HLAI micropolymorphisms alter direct interactions with the RM9-Nef peptide, explaining differences in pHLAI stability and overall epitope presentation

We next analyzed the structures of HLA-B*07:02, HLA-B*42:01, HLA-B*42:02 and HLA-B*81:01 in complex with the well characterised RM9-Nef epitope. Pro2 and Met9 acted as primary anchor residues and Arg1, Val4 and Arg7 pointed away from the groove for potential TCR interactions (Figure 4A). The total number of contacts, buried surface area and surface complementarities were comparable in all four structures (Table 3). Although the overall conformation of the RM9-Nef peptide backbone was similar for all 4 HLAI molecules, we observed important differences in the side chain orientations that could potentially impact T-cell recognition and viral escape, as detailed below.

Figure 4
figure 4

HLAI polymorphisms contribute to differences in the fine presentation mode of RM9-Nef. Comparison of the presentation modes of HLA-B*07:02-RM9 (green sticks), HLA-B*81:01-RM9 (orange sticks), HLA-B*42:01-RM9 (yellow sticks) and HLA-B*42:02-RM9 (pink sticks), the HLAI binding groove is shown as grey cartoon. (A) Structural alignment of HLA-B*07:02-RM9, HLA-B*81:01-RM9, HLA-B*42:01-RM9 and HLA-B*42:02-RM9 peptide conformations showing differences around peptide residues Arg1, Leu6 and Arg7 (black arrows pointing up indicate that the corresponding residue is solvent exposed and available for TCR contact, black arrows pointing down indicate that the corresponding residue is buried in the HLA groove; no arrow indicates a position between solvent exposed and buried). The position of the circled residue (Leu6) may be important to explain differential escape when presented by different HLAIs. (B) RM9-Nef residue Leu6 undergoes a 3 Å shift in position in the HLA-B*81:01 structure compared to HLA-B*42:01 and HLA-B*42:02. (C) HLA-B*81:01 contains a Leu at position 156 compared to Arg in HLA-B*07:02 and Asp in HLA-B*42:01 and HLA-B*42:02. This polymorphism alters the interactions between RM9-Nef residue Leu6 and the different HLAIs contributing towards its conformational heterogeneity. (D) HLA-B*81:01 contains a Leu at position 147 compared to Trp in HLA-B*07:02, HLA-B*42:01 and HLA-B*42:02. This polymorphism reduces the interactions between residues Pro8 and Met9 in the peptide and HLA-B*81:01 compared to the other HLAIs. (E) HLA-B*42:02 contains a His at position 9 compared to Tyr in HLA-B*07:02, HLA-B*81:01 and HLA-B*42:01. This polymorphism reduces the interactions between residue Pro2 in the peptide and HLA-B*42:02 compared to the other HLAIs.

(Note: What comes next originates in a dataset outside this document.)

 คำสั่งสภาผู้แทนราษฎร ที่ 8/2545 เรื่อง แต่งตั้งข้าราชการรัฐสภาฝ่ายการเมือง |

Table 3 HLA-RM9 contact table

Despite distinct selection pressure at position 1 of RM9-Nef by HLA-B*07:02 (R71K) (Figure 2F) (Table 1), peptide residue Arg1 was in a similar conformation in all 4 HLAIs (Figure 4A). However, the altered conformation of Leu6 in the RM9-Nef-HLA-B*81:01 complex, compared with the other three complexes has similarities with the conformational switch described above in relation to TL9-p24. Leu6 was in an identical position within HLA-B*42:01 and HLA-B*42:02, but moved by 3 Å in HLA-B*81:01 and 1.5 Å in HLA-B*07:02 (Figure 4B). These differences were mediated by polymorphisms at residues 156 and 152 within the α2 helix. The larger side chains of Arg156 and Gln152 in HLA-B*07:02 pushed Leu6 up compared to the smaller side chains of Leu156 and Val152 in HLA-B*81:01 (Figure 4C), changes which may be linked to the L76V/T/I selection that is mediated only by HLA-B*81:01.

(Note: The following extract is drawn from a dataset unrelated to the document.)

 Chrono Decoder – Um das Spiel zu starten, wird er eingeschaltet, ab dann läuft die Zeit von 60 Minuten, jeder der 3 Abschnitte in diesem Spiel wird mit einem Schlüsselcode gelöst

The other two major differences in RM9-Nef peptide presentation were located at the junction between HLAI residue 147 and peptide residue Pro8, and between HLAI residue Tyr9 and peptide residue Pro2. The smaller side chain of Leu147 in HLA-B*81:01 formed no contacts with Pro8, whereas Trp147 in the 3 other HLAIs made multiple interactions with Pro8 (Figure 4D). Similarly, in all but HLA-B*42:02, in which the side chain of His9 was too short, Tyr9 could contact Pro2 (Figure 4E). These differences could explain the slightly reduced stability of RM9 bound to HLA-B*81:01 and HLA-B*42:02 (Figure 2B,D).

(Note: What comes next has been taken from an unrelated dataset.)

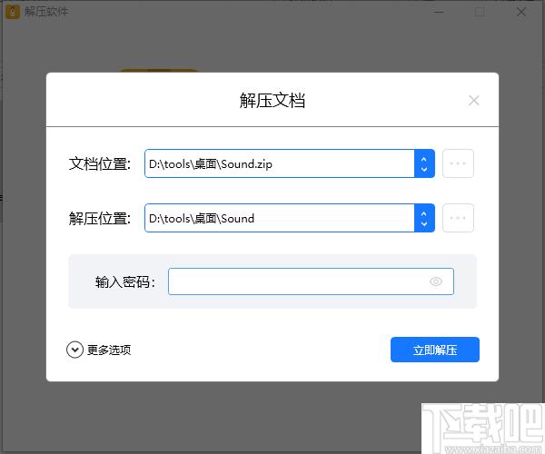 6、然后同样设置文件的解压位置,如果有密码的话,在输入框中输入正确的密码。

Taken together, these data demonstrate that, from the perspective of the TCR, TL9-p24 ‘looks’ completely different in the context of HLA-B*81:01 than it does in the context of HLA-B*07:02 or HLA-B*42:01. This difference in potential TCR contact residues is consistent with the differential viral escape patterns observed between these closely related HLAI molecules. Indeed, 4 of these differences are only selected by HLA-B*81:01, of which two impact on viral replicative capacity [13].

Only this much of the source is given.